Tout roule ? Pendant un temps. Celui que prend l’auteur pour planter le décor et présenter ses personnages. Ainsi, On apprend à connaître Task. Avec ses manières de gentleman et sa jolie petite gueule, on se prendrait presque à l’aimer. Et Erin, avec son franc-parler et ses déboires nous attendrit. Manquerait plus que ces deux-là se plaisent, et en avant la bluette. Mais sans grain de sable dans ce beau mécanisme, pas d’histoire. Et Dédale mortel est signé Craig Zahler, alors ça ne pouvait durer. Ouf. Parce que quand on lit du Zahler, c’est pas pour entendre conter fleurette et se vautrer dans la guimauve. Ce qu’on aime chez cet auteur de série Z, c’est la démesure, l’hémoglobine qui gicle, et sa façon de maltraiter ses créatures. Ici, on est servis.

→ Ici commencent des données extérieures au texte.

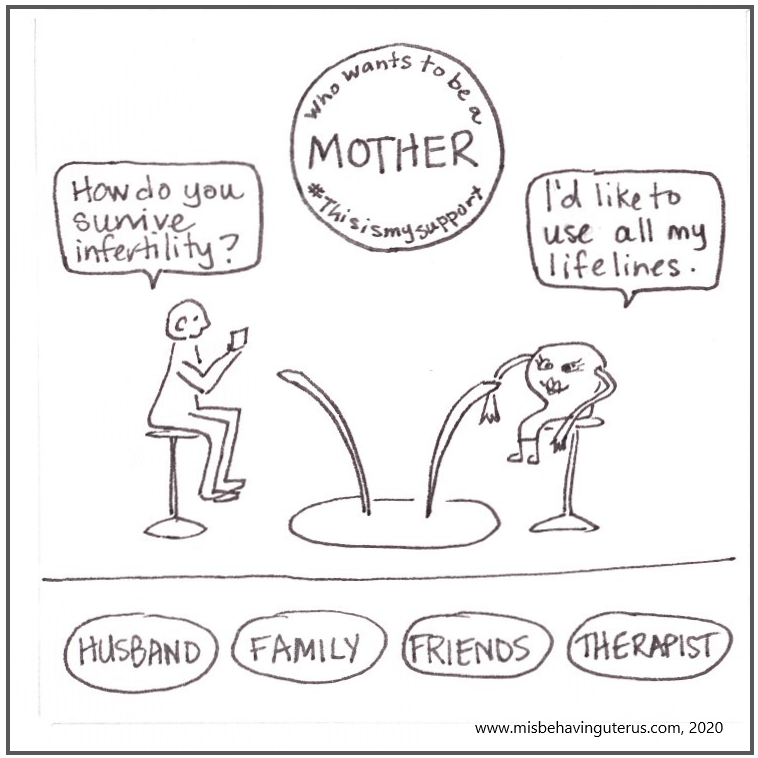 My fertility journey took me through recurrent pregnancy loss (RPL) and secondary infertility (SI) which is infertility after a pregnancy. Along the way I was diagnosed with polycystic ovaries (PCOS) which is the most common cause of infertility among women. They also found I had a septate uterus (SU) which is a congenital abnormality that I had surgically removed. There were other plenty of other diagnoses along the way, but I wanted to call those out to help explain the drawing. The other acronyms are for male factor (MF) infertility, premature ovarian failure (POF), endometriosis (ENDO), and luteal phase defect (LPD) which can all be causes of infertility.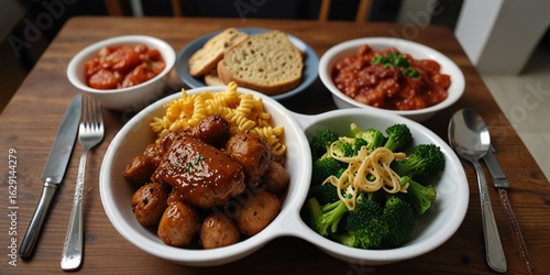 meatball, dinner, meal, food, broccoli, bread, side, dish, cooked, main, course, cookery, delicious, eating, epicure, gastronomy, home, cooking, homemade, kitchen, lunch, meat, plate, eatery, savoury, serving, table, traditional, vegetable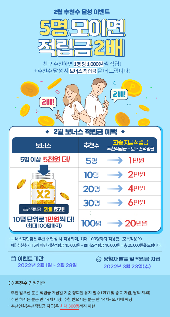 - 친구 추천하면 1명당 1000원씩 적립 + 추천수 달성 시 보너스 적립금을 더 지급!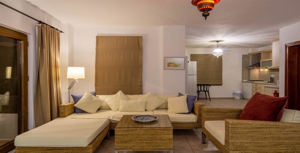 Salon: Oturma grubu, orta sehpa, klima, TV bulunmaktadır.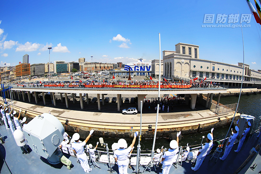 波光粼粼,鸥鸟翔集。12时30分,滨州舰驶入那不勒斯港,官兵在甲板上整齐列队,向欢迎人群挥手致意。中国驻意大利大使李瑞宇携夫人及使领馆工作人员、当地华人华侨代表500余人在码头上挥舞着五星红旗,高举着欢迎横幅迎接滨州舰的到来。

S’il s’éloigne des grands espaces de Spectres de la terre brisée ou Une assemblée de chacals – parodies de western jubilatoires qui nous entraînaient près de la frontière mexicaine et dans le Montana – pour planter son décor en ville, on retrouve le même plaisir brutal. Thriller déjanté, polar halluciné, Dédale mortel enferme Task dans une spirale abominable, un avant-goût de l’enfer suite à une erreur de débutant qu’il accomplit incidemment et le poursuit. Vous aimez Tarentino ? Reservoir Dogs ? La scène où Mister Blond coupe l’oreille de ce pauvre otage ? Le roman s’en rapproche par cette sensation d’horreur délicieuse et perverse. Sauf que Zahler ne coupe pas au montage. Il montre tout, dans un débordement gore très cinématographique et tellement outré qu’on finit par ricaner sous cape entre deux hauts-le-cœur.

Les clichés du pulp et du polar musclé sont omniprésents, amplifiés, même si la fin, complètement inattendue parvient tout de même à nous surprendre, tout comme Task, son calvaire ne venant pas d’où on l’attend. Les pauvres protagonistes pataugent dans tous les fluides possibles autant que dans la semoule avec pour unique but, que les aficionados du genre se marrent (les autres n’iront pas au bout). Violence exacerbée comme un reflet grotesque d’une Amérique tarée, avec, au bout, aucune sorte de morale, sauf celle de se gausser en attendant la mort. Inutile ? Certes. So what ?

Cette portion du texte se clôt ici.